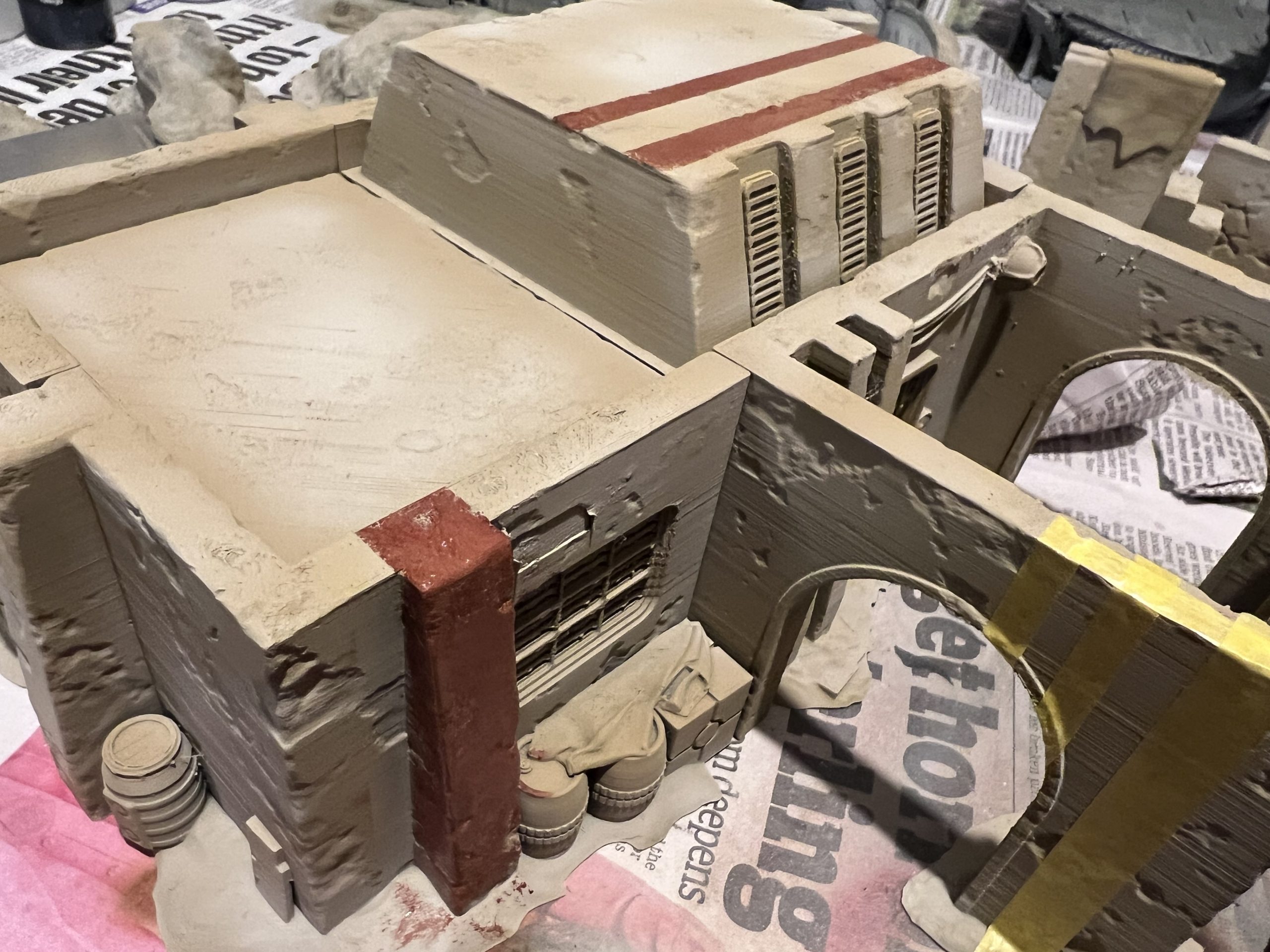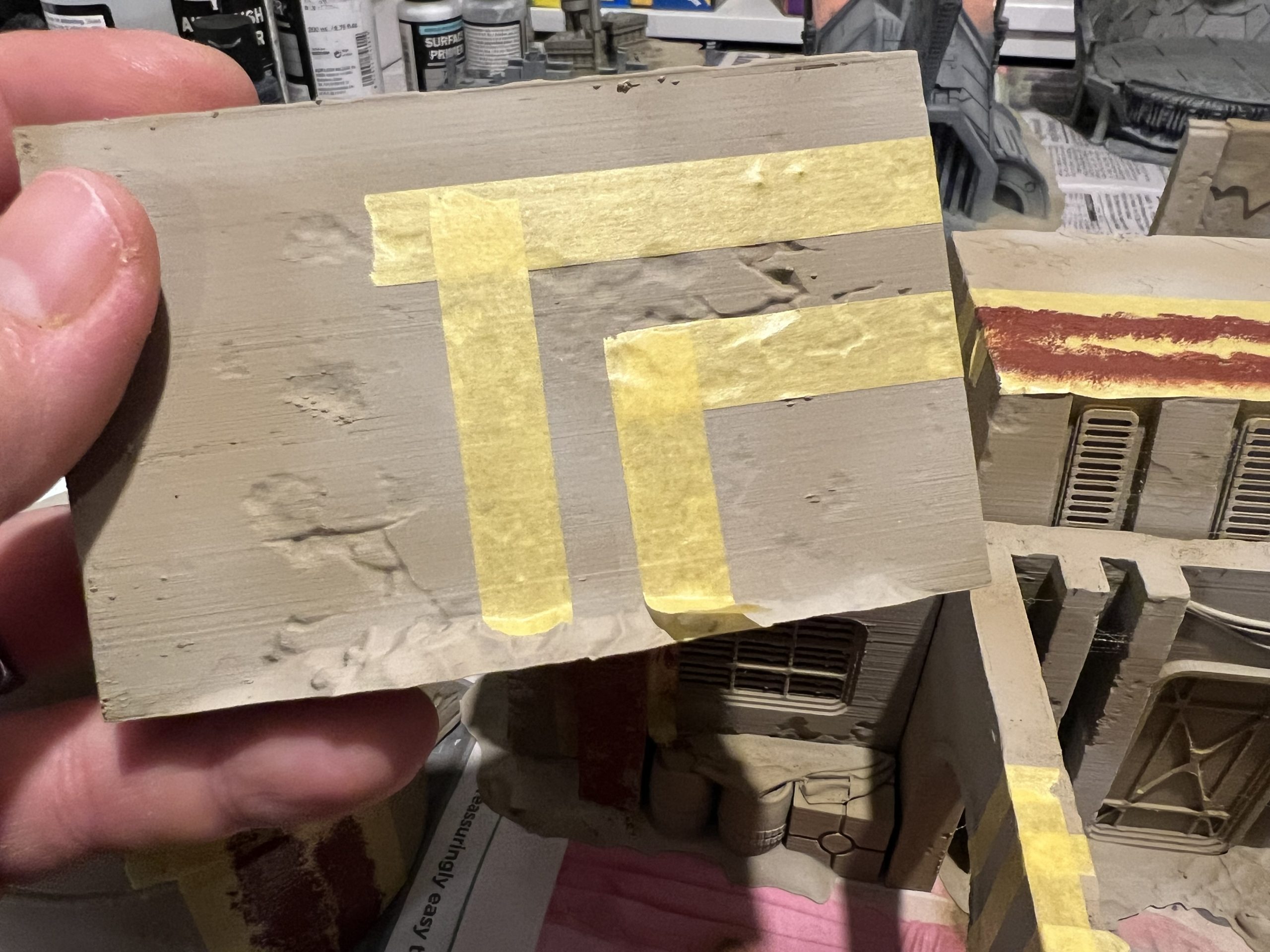 started with the rattle can primer I wanted to essentially highlight the buildings but also add that element of texture and surface variation so it did not all look just really flat
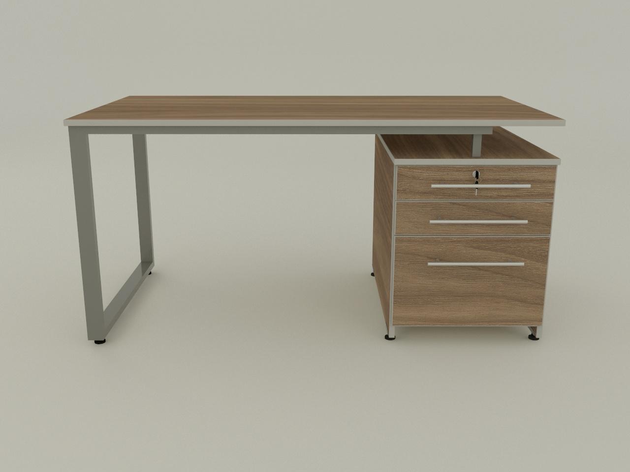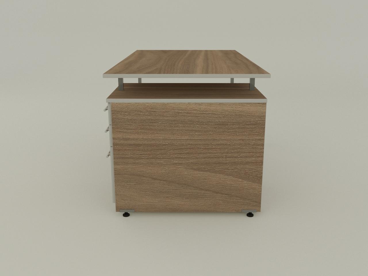 fabricado con estructura metalica, compuesta por 1 soporte cuadrado de tubular rectangular de 2 plg x 1 plg cal 18 con niveladores metalicos para ajuste de altura, incluye 2 largueros de tubo cuadrado de 1 plg cal 18, con orejas para fijacion de cubierta de lamina cal 14. todo con acabado en pintura al horno. incluye 2 tacos para fijacion de pedestal. esta estructura se monta en una lado sobre pedestal. cuenta con cubierta de 28 mm de espesor, fabricada en madera industrializada melaminizada por termofusion y cantos de pvc termoadheridos de 2 mm de espesor con aristas perfiladas. incluye pedestal de 2 gavetas utileras y gaveta archivadora tamaño oficio status, con cubierta de 19 mm de espesor, 2 soportes de 19 mm de espesor con niveladores sobre canaleta de lamina para ajuste de altura, entrepaño inferior fijo de 19 mm de espesor, tapa frontal de 16 mm de espesor; armado con herrajes de acero, seguro interno para cierre simultaneo de gavetas, cada gaveta con cuerpo de lamina cal 22 con acabado en pintura al horno, 2 soportes laterales, 1 jgo de correderas de extension completa, frente de gaveta en 16 mm de espesor, jaladera mod. tiger de 30 cm.
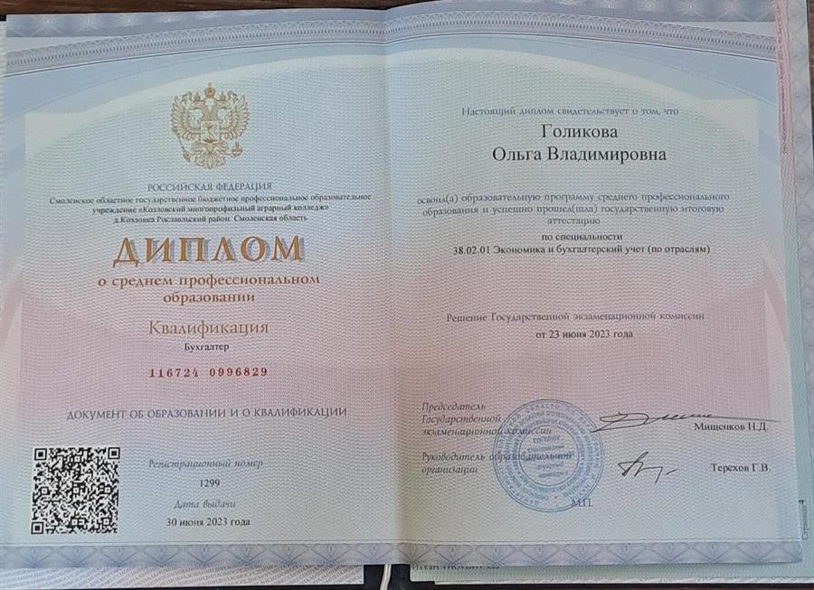 Козловский многопрофильный аграрный колледж (2023 год) - бухгалтер

####

The pictures are to be omitted, and the rest of the listing is to be transcribed exactly.

REPLY:
 started with the rattle can primer I wanted to essentially highlight the buildings but also add that element of texture and surface variation so it did not all look just really flat
 fabricado con estructura metalica, compuesta por 1 soporte cuadrado de tubular rectangular de 2 plg x 1 plg cal 18 con niveladores metalicos para ajuste de altura, incluye 2 largueros de tubo cuadrado de 1 plg cal 18, con orejas para fijacion de cubierta de lamina cal 14. todo con acabado en pintura al horno. incluye 2 tacos para fijacion de pedestal. esta estructura se monta en una lado sobre pedestal. cuenta con cubierta de 28 mm de espesor, fabricada en madera industrializada melaminizada por termofusion y cantos de pvc termoadheridos de 2 mm de espesor con aristas perfiladas. incluye pedestal de 2 gavetas utileras y gaveta archivadora tamaño oficio status, con cubierta de 19 mm de espesor, 2 soportes de 19 mm de espesor con niveladores sobre canaleta de lamina para ajuste de altura, entrepaño inferior fijo de 19 mm de espesor, tapa frontal de 16 mm de espesor; armado con herrajes de acero, seguro interno para cierre simultaneo de gavetas, cada gaveta con cuerpo de lamina cal 22 con acabado en pintura al horno, 2 soportes laterales, 1 jgo de correderas de extension completa, frente de gaveta en 16 mm de espesor, jaladera mod. tiger de 30 cm.
 Козловский многопрофильный аграрный колледж (2023 год) - бухгалтер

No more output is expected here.